Algorithmic big o order of growth code

Question

I'm doing an online course and i'm stuck on this question. I know there are similar questions but they don't help me.

What is the order of growth of the worst case running time of the following code fragment as a function of N?

int sum = 0;
for (int i = 0; i*i*i < N; i++)
    for (int j = 0; j*j*j < N; j++)
        for (int k = 0; k*k*k < N; k++)
            sum++;

I thought that the order would be n^3 but I don't think this is correct because the loops only go through a third of n each time. So would that make it nlogn?

Also

int sum = 0;
for (int i = 1; i <= N; i++)
    for (int j = 1; j <= N; j++)
        for (int k = 1; k <= N; k = k*2)
            for (int h = 1; h <= k; h++)
                sum++;

I think this one would be n^4 because you have n * n * 0.5n * 0.5n

Answer 1

The loops in fact only go up to the cube root of N. (i^3 < n, etc.)

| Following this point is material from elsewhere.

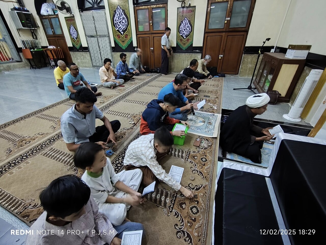 အဗ်နာ ။ ။ ပြည်ထောင်စု မြန်မာ နိုင်ငံ ၏ မြို့တော် ဟောင်း ရန်ကုန်မြို့ ပန်ဂျာ ရှီအဟ် မတ်စ်ဂျစ်ဒ် တွင် ဒီဇင်ဘာလ ၂ ရက်နေ့ ၂၀၂၅ ခုနှစ် အင်္ဂါနေ့ ညတွင် ပြုလုပ် သည့် ဒိုအာ ယေ သဝစိုလ် စုပေါင်းဖတ်ရွတ် နေသည့် ပုံရိပ်များ ဖြစ်ပါ တယ်။ ။ Photos Credit - Punjah Masjid
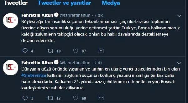 Cumhurbaşkanlığı İletişim Başkanı Fahrettin Altun, ‘Srebrenitsa katliamı’nın 24’üncü yıl dönümü nedeniyle Twitter hesabından açıklama yaptı. Altun, şunları kaydetti:

The 3 nested loops of this length, give O(cube root of N, cubed). This O(N)

Of note, if you were correct and they each went to one third of N, then cubing this still gives O(N^3/9), 1/9 is constant, so this is O(n^3)

Answer 2

If you examine the value of sum for various values of N, then it becomes pretty clear what the time complexity of the algorithm is:

#include <iostream>

int main()
{
  for( int N=1 ; N<=100 ; ++N ) {
    int sum = 0;
    for (int i = 0; i*i*i < N; i++)
      for (int j = 0; j*j*j < N; j++)
        for (int k = 0; k*k*k < N; k++)
          sum++;
    std::cout << "For N=" << N << ", sum=" << sum << '\n';
  }
  return 0;
}

You can then draw your own conclusions with greater insight.